Nemotron-Cascade-2-SFT-Data
收藏魔搭社区2026-05-22 更新2026-05-10 收录
下载链接:
https://modelscope.cn/datasets/nv-community/Nemotron-Cascade-2-SFT-Data
下载链接
链接失效反馈官方服务:
资源简介:
# Nemotron-Cascade-2-SFT-Data
We release the SFT data used for training [Nemotron-Cascade-2](https://huggingface.co/nvidia/Nemotron-Cascade-2-30B-A3B).
## Data sources
#### Math
Our non-proof math prompts are sourced from [Nemotron-Cascade-1-SFT](https://huggingface.co/datasets/nvidia/Nemotron-Cascade-SFT-Stage-2) and [Nemotron-Math-v2](https://huggingface.co/datasets/nvidia/Nemotron-Math-v2), with responses generated by DeepSeek-V3.2, DeepSeek-V3.2-Speciale, and GPT-OSS-120B. For mathematical proofs, prompts are taken from [Nemotron-Math-Proofs-v1](https://huggingface.co/datasets/nvidia/Nemotron-Math-Proofs-v1) and generated using DeepSeek-V3.2-Speciale.
#### Science
We collect science prompts from [Nemotron-Cascade-1-SFT](https://huggingface.co/datasets/nvidia/Nemotron-Cascade-SFT-Stage-2) and [Nemotron-Science-v1](https://huggingface.co/datasets/nvidia/Nemotron-Science-v1), coving physics, chemistry, and biology.

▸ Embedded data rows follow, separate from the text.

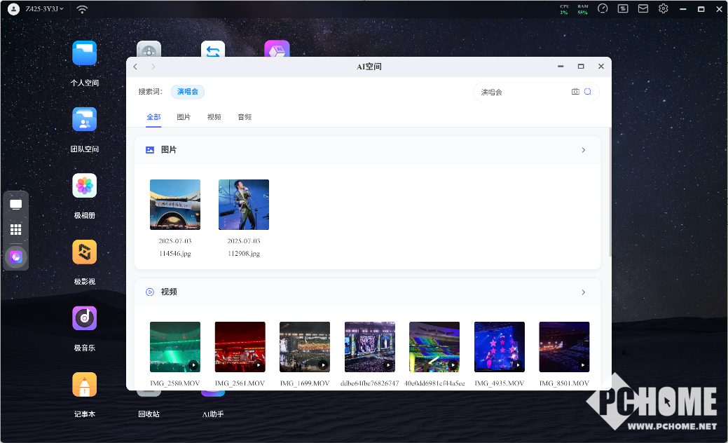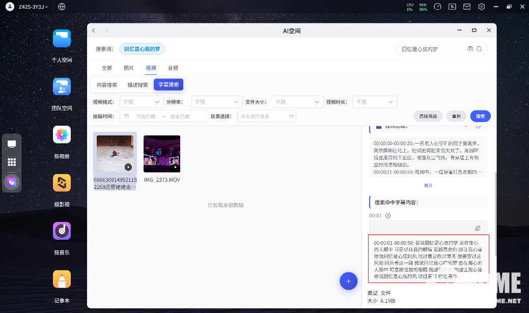 正如前面提到,Z425拥有强大的本地算力,而这恰恰是端侧AI的基础。2023年极空间就率先提出“AI NAS”概念,将系统与AI 深度融合,为用户带来更智能的数据管理体验,而现在,新推出的AI空间正是极空间为专业创作人群提供的一站式AI多媒体文件管理中枢。
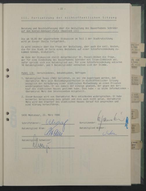 Am Ende der Diskussion stellt Bürgermeister Dr. Possel-Dölken die Frage, wer für eine Eindeckung des Bauvorhabens Schröder mit Titan-Zinkblech sei. Dafür spricht sich ein Ratsmitglied aus. Für eine Schiefereindeckung votieren 16 Ratsmitglieder, und 5 Ratsmitglieder enthalten sich der Stimme.
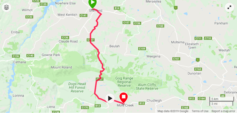 After a very comfortable night and a tea and toast breakfast, we set off at 8.15am, expecting some rain along the 30kms to Mole Creek. This day's ride was along the main road because the alternatives were unavailable as a result of damage to several bridges caused by the June 2016 floods.
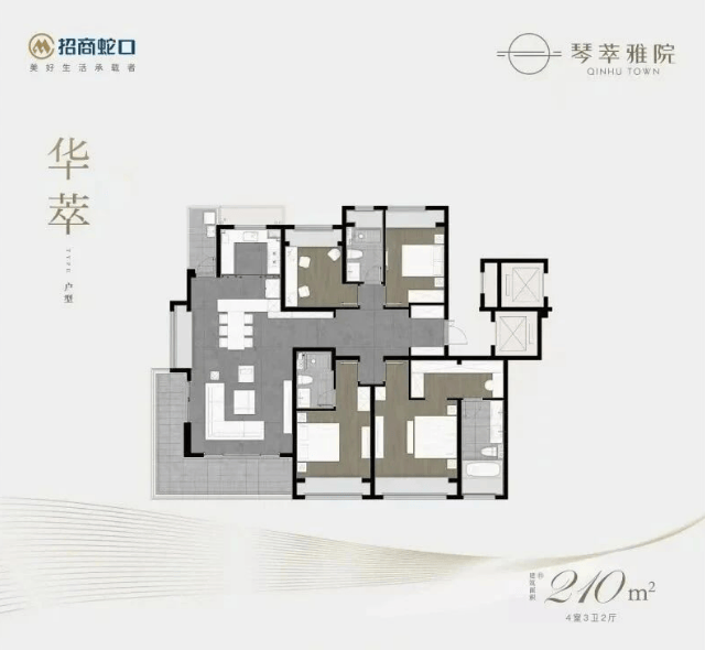 产品稀缺性:琴湖板块内少有的大平层项目,210㎡户型设计独特
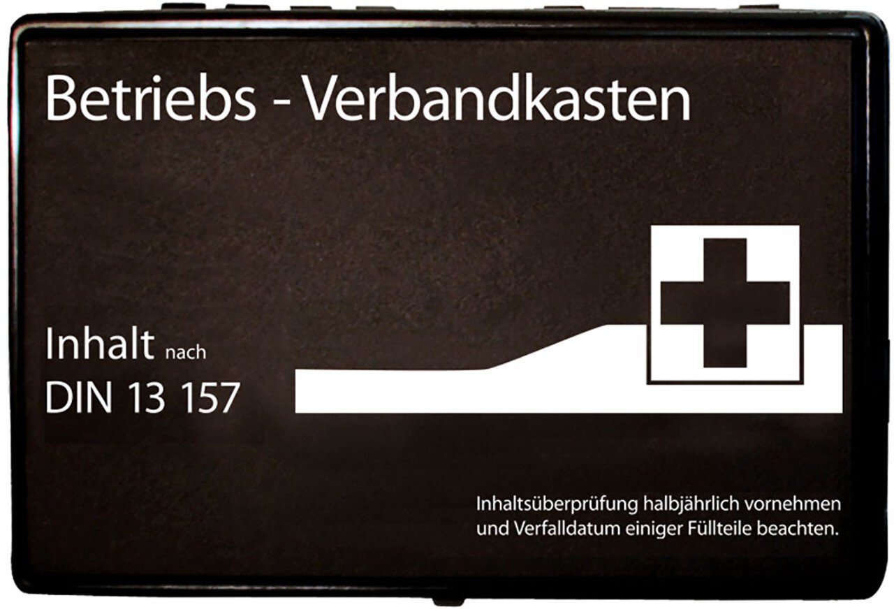 Apteczka pierwszej pomocy, czarna, wyposażenie podstawowe DIN13157 wraz z uchwytem ściennym.
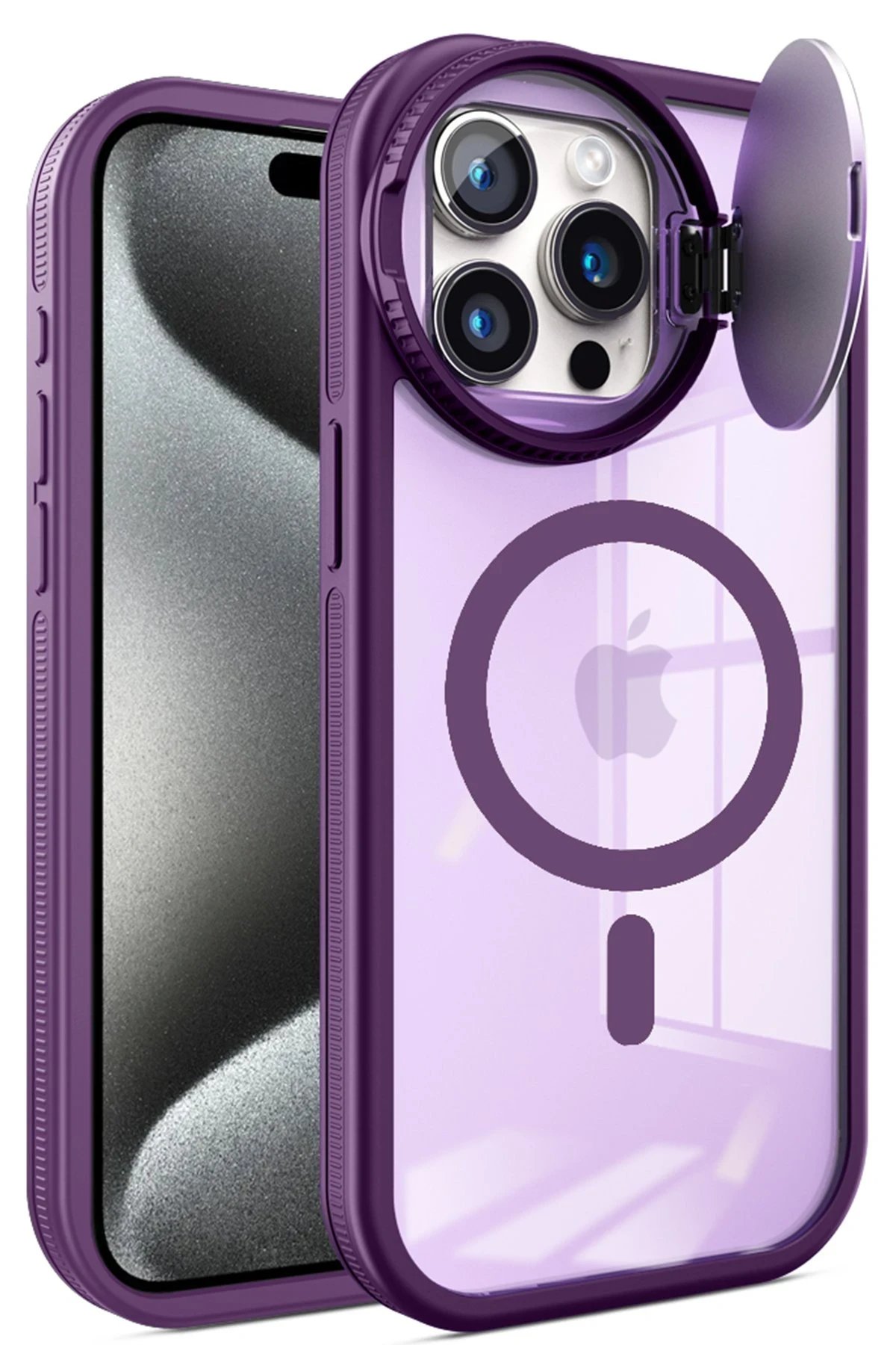 iPhone 15 Pro Kılıf Teleskop Lens Magsafe Silikon Kapak - Derin Mor-(5796)
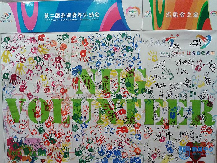 8月12日,手球比赛正式开始的前一天,我校手球馆的青柠们相聚志愿者之家,在场馆(志愿者)副主任蒋仲群、志愿者经理杨勇明、志愿者之家主任刘哲带领下,纷纷在特别设计的“NUG——VOLUNTEER”log周围留下五彩美丽的掌印,用自己的双手绘画出“心手相连”的手印创意海报墙,为明天正式开赛的手球比赛送上祝福。
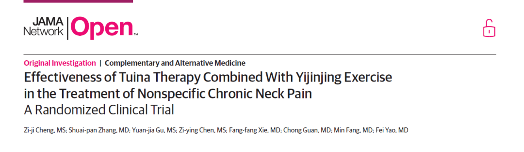 开元集团房敏和姚斐教授课题组中医推拿疗法干预慢性非特异性颈痛的临床研究项目成果Effectiveness of Tuina Therapy Combined With Yijinjing Exercise in the Treatment of Nonspecific Chronic Neck Pain: A Randomized Clinical Trial近日在美国医学会杂志JAMA子刊JAMA Network Open发表。
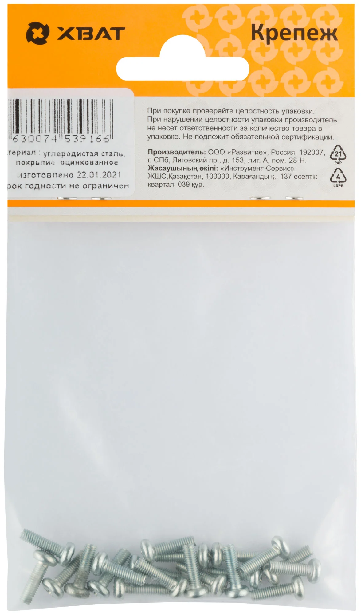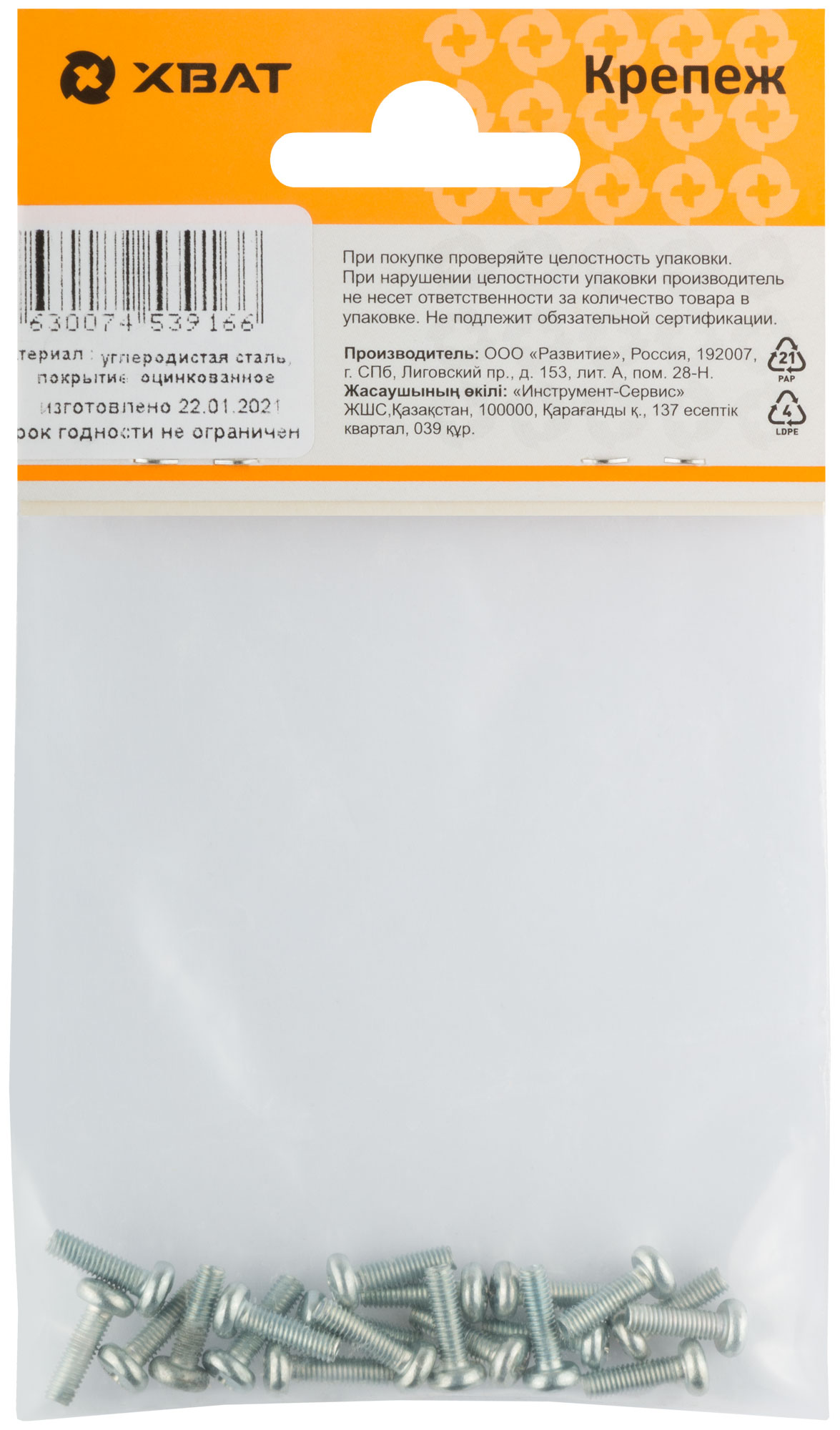 Винт изготовлен из высококачественной стали с оцинковкой, что обеспечивает защиту от коррозии. Полная резьба по DIN 7985 и крестообразный шлиц упрощают установку и демонтаж с помощью стандартных инструментов.
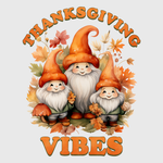 Spread the holiday spirit with this "Thanksgiving Vibes" transfer. This cute gnome family design is ideal for cozy t-shirt designs that celebrate Thanksgiving warmth and joy.
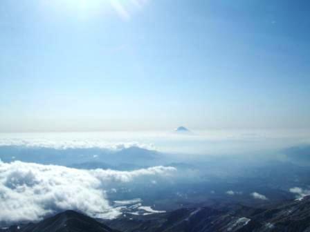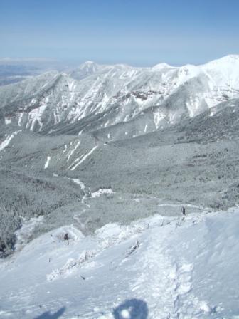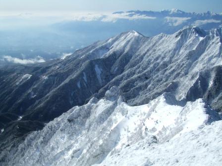 ふと気づくとテント越しに周囲が明るくなってきている。風は相変わらずだが首を出して外を窺うと快晴。360°の視界が本当に嬉しい。ゴチャゴチャになっているテント内の荷物を少しずつ片付け身支度を調える。不安定な場所なのでお互いにザックやテントを確保し合いながら外へ出、テントをたたもうとするが、凍りついたテントは一抱えもある重い塊りにしかならず、これを浦野さんが苦労の末ザックにくくりつけ出発(7:30)。足元のアイスバーンや強風に肝を冷やしながら 9:00すぎに真教寺尾根との合流点に達し天狗尾根を振り返るともう大天狗を越えてきているパーティの姿が見える。更に赤岳、阿弥陀岳山頂の人影や文三郎尾根を登ってくる登山者を見て、なぜか少しホッとする。
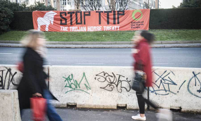 当地时间2015年2月4日,比利时布鲁塞尔,“欧洲地球之友”组织的成员在欧盟总部前竖起了一只充气的巨型特洛伊木马,以抗议“跨大西洋贸易与投资伙伴协议”。(图片:东方IC)
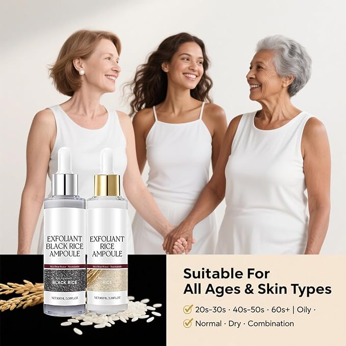- ✨ 【Honest Dual-Day & Night Renewal - Real Results, No False Ads】 Maximize real skincare benefits with our two-step system. The White Rice Ampoule brightens and protects by day; the black rice exfoliant repairs and purifies by night. This consistent 24/7 care delivers visible improvements in texture, dullness, and pore appearance—offering a genuine rice peel shot experience without misleading claims or social media tricks.
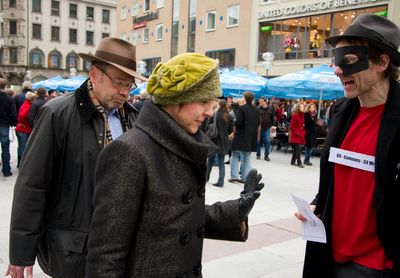"Grüß Gott, ich bin von der Commerzbank und brauche dringend Ihr Geld!" Mit diesen und ähnlichen Worten begrüßten als Bankmanager kostümierte Panzerknacker die Passanten auf dem Münchner Marienplatz. Natürlich zeigten sich die überraschten Passanten unwillig: "Nix da!", "Bin selber pleite!" oder "Nein, danke". Sie hatten auch wenig Verständnis für die Argumentation der Banker: "Wir haben aber viel mehr Schulden als Sie!" oder für deren aufrichtige Entschuldigung: "Wir haben uns halt verzockt".
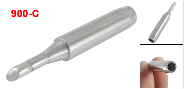 DetailsReplaceable 3.6mm Bevel Width Soldering Iron Tip 900-C  Product Name Soldering Iron Tip Model 900-C Material Metal Design Bevel Total Length 4.2cm / 1.65" Shank Inner Dia. 4mm / 5/32" Shank Outer Dia. 6.2mm / 0.24" Bevel Tip Width 3.6mm / 0.14" Color Silver Tone Weight 6g Package Content 1 x Soldering Iron Tip
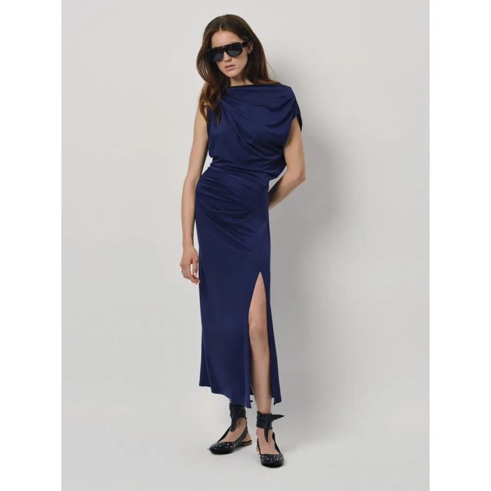 De jurk heeft een diepe split aan de zijkant wat zorgt voor meer raffinement en elegantie. De jurk heeft plooien op de schouder, in de taille en op de rok en heeft een luxueuze look dankzij de mooie sandwashed Lenzing-Modalmix. Draag de jurk no-nonsens met een platte sandaal of ga voor feestelijk met een chique high-heel eronder.
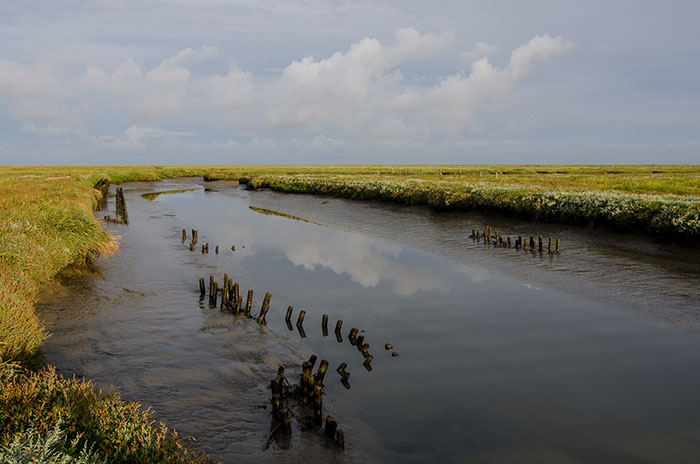 Priel durch die Salzwiesen bei Westerhever. Montag, 3. September 2012 um 7:51 Uhr
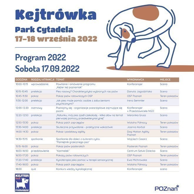 W ramach pikniku edukacyjnego dla właścicieli i miłośników psów, czyli "Kejtrówki 2022" zaplanowano wiele atrakcji. W specjalnym punkcie informacyjnym Poznańskiego Schroniska dotyczącym czipowania zachęcać będziemy do aktualizacji danych rejestrowych właścicieli poznańskich kejtrów. W punkcie Straży Miejskiej zasięgnąć będzie można informacji na temat m.in zasad korzystania z terenów parkowych, wybiegów czy sprzątania nieczystości po swoim psie. Rozdawać będziemy poradniki kejtrowe oraz woreczki na psie nieczystości. Liczne punkty fundacji prozwierzęcych promować będą swoją działalność oraz odpowiedzialną adopcję.
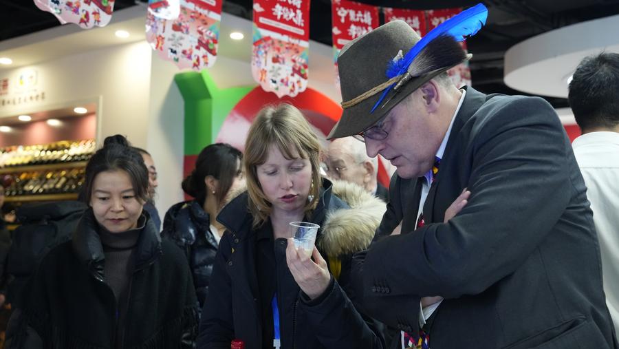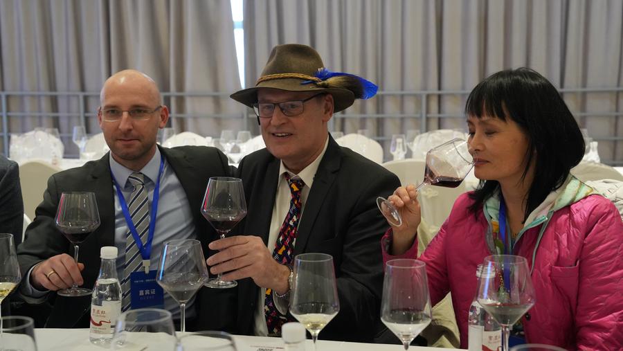 2月21日,德国企业代表在到访宁夏期间品尝贺兰山东麓葡萄酒。新华社记者 刘海 摄
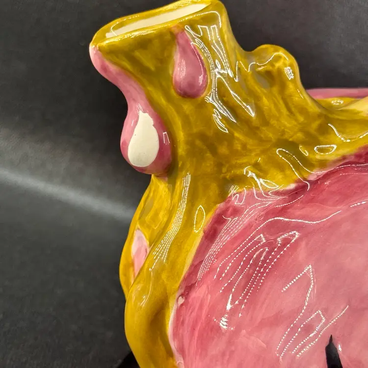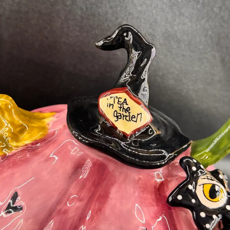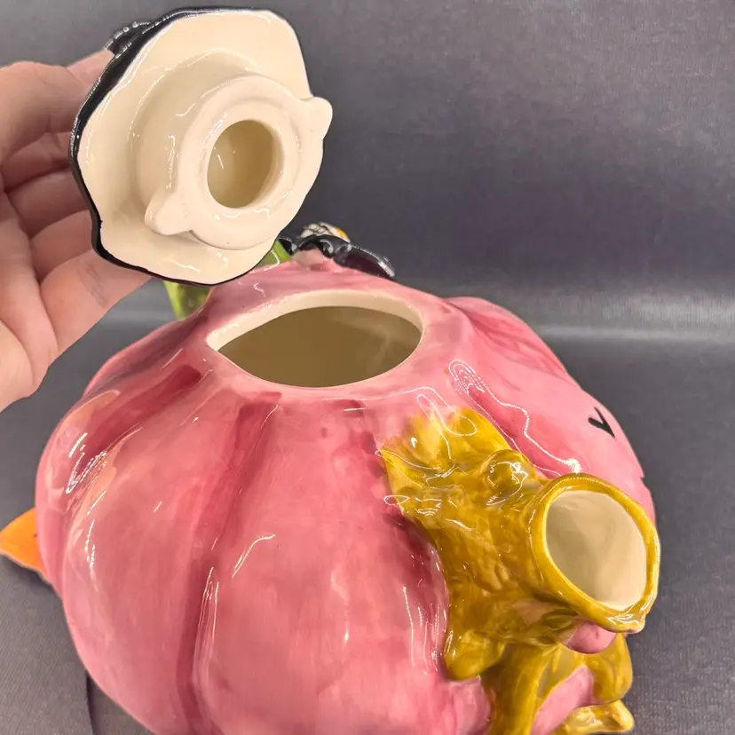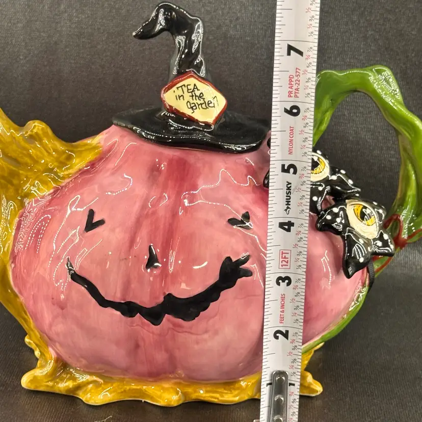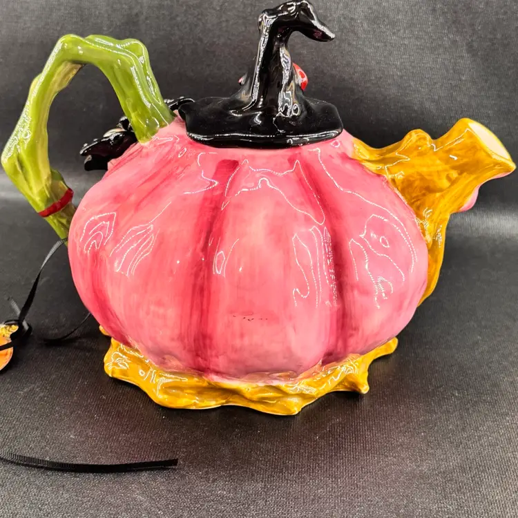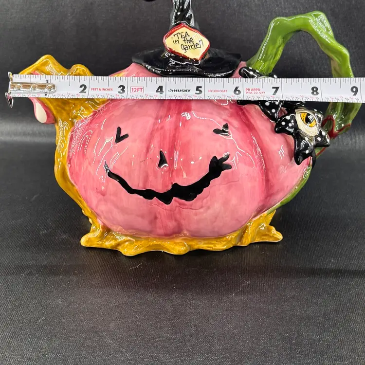 Still has tag. No chips or cracks, but is missing a section of pink paint off the spout. See photos. Approximately 7.5” tall, and 9” wide.

Responses are generated by GPT-OSS-120B.
#### General Chat
We source general chat samples from [Nemotron-Cascade-1-SFT](https://huggingface.co/datasets/nvidia/Nemotron-Cascade-SFT-Stage-2) and [Nemotron-Instruction-Following-Chat-v1](https://huggingface.co/datasets/nvidia/Nemotron-Instruction-Following-Chat-v1).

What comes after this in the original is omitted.